2:46 am on Aug 14, 2003 (gmt 0)

10+ Year Member



i don't believe a quick and easy regular expression exists, however i am not an expert ;-)

what are you calling a bona fide domain name?

co.uk.? uk.? or .?

i think all of those are bona fide, depending on who you ask.

i suggest you read the o'reilly book on dns for help solving this puzzle.

i believe that book is the only computer book i have read every single page from cover to cover ;-) (so it is recommended reading indeed).

you could possibly use the geo ip database and guess at what you are looking for (idear), explode the array and start at the end going backwards.

my best guess is you will get close to what you are after but never 100% perfect ;-)

take care,

GeorgeGG

4:10 am on Aug 15, 2003 (gmt 0)

10+ Year Member



I don't know much about expressions, but I do something about like:
http*//we.dev.pub.cookies.co.uk/some_dir

If string contains,
[www....]
[www....]
https://
http://
ftp://

remove from string:
we.dev.pub.cookies.co.uk/some_dir

If string contains a '/', make end of string:
we.dev.pub.cookies.co.uk

Take last 2 dots:
.co.uk

Open data file and find line that is in the
dot string '.co.uk':
.sch.uk
.police.uk
.plc.uk
.org.uk
.nhs.uk
.net.uk
.mod.uk
.ltd.uk
.gov.uk
.co.uk
.ac.uk
.uk

Found '.co.uk', remove:
we.dev.pub.cookies

reverse string:
seikooc.bup.ved.ew

If string contains a '.', make end of string:
seikooc

reverse string:
cookies

add dot string '.co.uk' from above:
cookies.co.uk

Are you working on a 'whois' page?
If you need it, my data file is about 800 lines
and looks more like:
.sch.uk¦whois.nic.uk
.police.uk¦whois.nic.uk
etc.

GGG

jaski

5:10 am on Aug 15, 2003 (gmt 0)

10+ Year Member



Is this what you are looking for [php.net...]

waitman

5:47 am on Aug 15, 2003 (gmt 0)

10+ Year Member



naw, don't think so.

i was being a bit of a smart ass in my previous post ;-)

anyhow, i think he is after the domain name.

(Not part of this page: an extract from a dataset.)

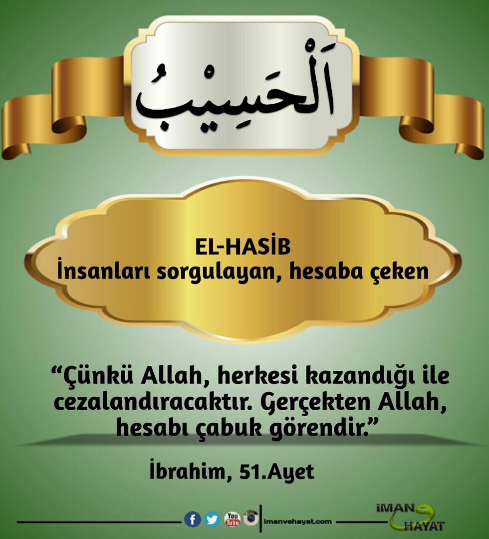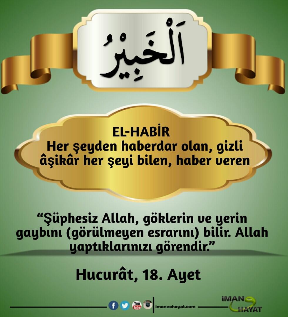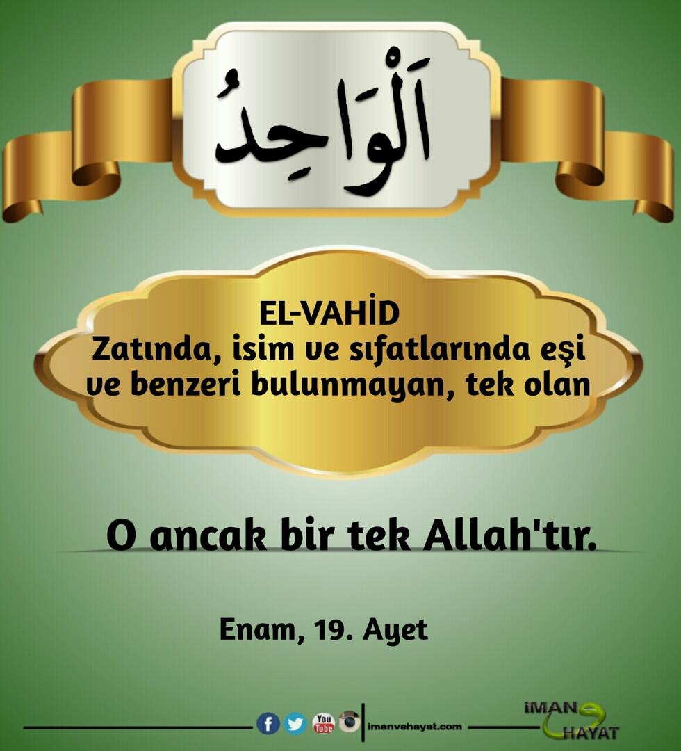 “Allah’ın yüzden bir eksik, doksandokuz ismi vardır. Kim onları ezberler ve sayarsa cennete girer. Allah tektir, tek olanı sever.” (Buhari, 6410; Müslim, 2677)

so, my guess is that you would first explode between '//', then explode between '/', then explode between '.', then iterate backwards until you get the whole domain portion.

if the end of the fqdn is two letters it is probably a country domain, etc. so you check to see if the next part is more than two letters. please note this isn't foolproof, someone could have 'gg.uk' or 'gg.tv' or something like that.

but for a good number of them, this should work

<?php

$specimins=array();

$specimins[] = 'http://willey.freakinexample.co.uk/wonderbar/foo.php?awefawefawefawef';
$specimins[] = 'http://freakinexample.org.uk/weflkjaef/jekjk/awefawef/aefe.html';
$specimins[] = 'https://freakinexample.org/';
$specimins[] = 'ftp://freakinexample.net';
$specimins[] = 'gopher://wunder.bra.xxx.freakinexample.com';

foreach ($specimins as $specimin)
{

$pcs = @explode('//',$specimin);
$pcs = @explode('/',$pcs[1]);
$pcs = @explode('.',$pcs[0]);

$pcs = array_reverse($pcs);

if (strlen($pcs[0])<3)
{
$dotcommers = array('com','org','net');
} else {
$dotcommers = '**';
}
$rcs = array();
$rcs[]=array_shift($pcs);

$foundit=false;
$len=count($pcs);
for ($i=0;$i<$len;$i++)
{
if (!$foundit)
{
if (strlen(str_replace($dotcommers,'',$pcs[0]))>2)
{
$foundit=true;
}
$rcs[]=array_shift($pcs);
}
}
$domain[] = join('.',array_reverse($rcs));
}

echo '<pre>';
print_r($domain);
echo '</pre>';
?>

results:

Array
(
[0] => freakinexample.co.uk
[1] => freakinexample.org.uk
[2] => freakinexample.org
[3] => freakinexample.net
[4] => freakinexample.com
)

then you can do your mx lookups. whatever..

take care,

waitman

5:52 am on Aug 15, 2003 (gmt 0)

10+ Year Member



well, except for the school domains. i just reread his post....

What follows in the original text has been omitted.